Poupanças dos moçambicanos crescem 9,2% num ano e fecham 2025 em 3.955 ME

Maputo, 16 mar 2026 (Lusa) – As poupanças moçambicanas através de depósitos a prazo cresceram 9,2% em 2025, para 297.656 milhões de meticais (3.955 milhões de euros) no final de dezembro, indicam dados oficiais divulgados pelo Banco de Moçambique.

Conforme dados estatísticos do banco central moçambicano, esses depósitos a prazo na banca moçambicana tinham atingido em junho de 2024 um total de 264.709 milhões de meticais (3.517 milhões de euros), crescendo progressivamente, todos os meses, até ao recorde de 305.871 milhões de meticais (4.064 milhões de euros) em julho último.

Entretanto, acabaram por recuar ligeiramente até ao final de dezembro, mas garantindo um crescimento face aos 272.503 milhões de meticais (3.621 milhões de euros) no início de 2025.

Os depósitos à ordem também continuaram a crescer, 1,5% num mês, para 477.859 milhões de meticais (6.349 milhões de euros) em dezembro.

Em Moçambique funcionam 15 bancos comerciais e 12 microbancos, além de cooperativas de crédito e organizações de poupança e crédito, entre outras.

O Banco de Moçambique cortou em 28 de janeiro, pela 12.ª vez consecutiva, a taxa de juro de política monetária MIMO, em 0,25 pontos, para 9,25%, prevendo a sua estabilização, mas alertando para o efeito nos preços das recentes cheias no país.

“Esta decisão é sustentada pelas perspetivas de manutenção da inflação a um dígito no médio prazo, não obstante a materialização de alguns riscos e incertezas associados às projeções da inflação, com destaque, podem já imaginar, para a ocorrência de inundações e para a intensificação das tensões comerciais e geopolíticas”, anunciou o governador do Banco de Moçambique, Rogério Zandamela, no final da reunião do Comité de Política Monetária (CPMO).

A próxima reunião do CPMO está agendada para 23 de março.

A taxa de juro diretora em Moçambique esteve fixada em 17,25% desde setembro de 2022, após a intervenção do banco central, que depois iniciou cortes consecutivos a partir de 31 de janeiro de 2024, quando reduziu para 16,5%.

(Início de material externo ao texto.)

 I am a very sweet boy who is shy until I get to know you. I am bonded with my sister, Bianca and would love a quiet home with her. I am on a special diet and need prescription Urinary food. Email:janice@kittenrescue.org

Em março do ano passado, o Banco de Moçambique cortou a taxa para 15,75%, decisão que que se foi repetindo em todas as reuniões seguintes do Comité de Política Monetária, até chegar a 9,75% em setembro, 9,50% em novembro e agora 9,25%.

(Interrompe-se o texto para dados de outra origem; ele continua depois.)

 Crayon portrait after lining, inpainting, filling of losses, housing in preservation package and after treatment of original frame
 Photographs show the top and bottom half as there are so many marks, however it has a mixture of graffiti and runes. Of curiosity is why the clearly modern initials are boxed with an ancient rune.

“Entretanto, em face do agravamento destes riscos e das incertezas, o CPMO considera que se aproxima o fim do ciclo de redução da taxa MIMO iniciado em janeiro de 2024”, disse ainda Zandamela no final da mesma reunião, recordando que essa trajetória descendente poderia prolongar-se, na previsão inicial, até 36 meses.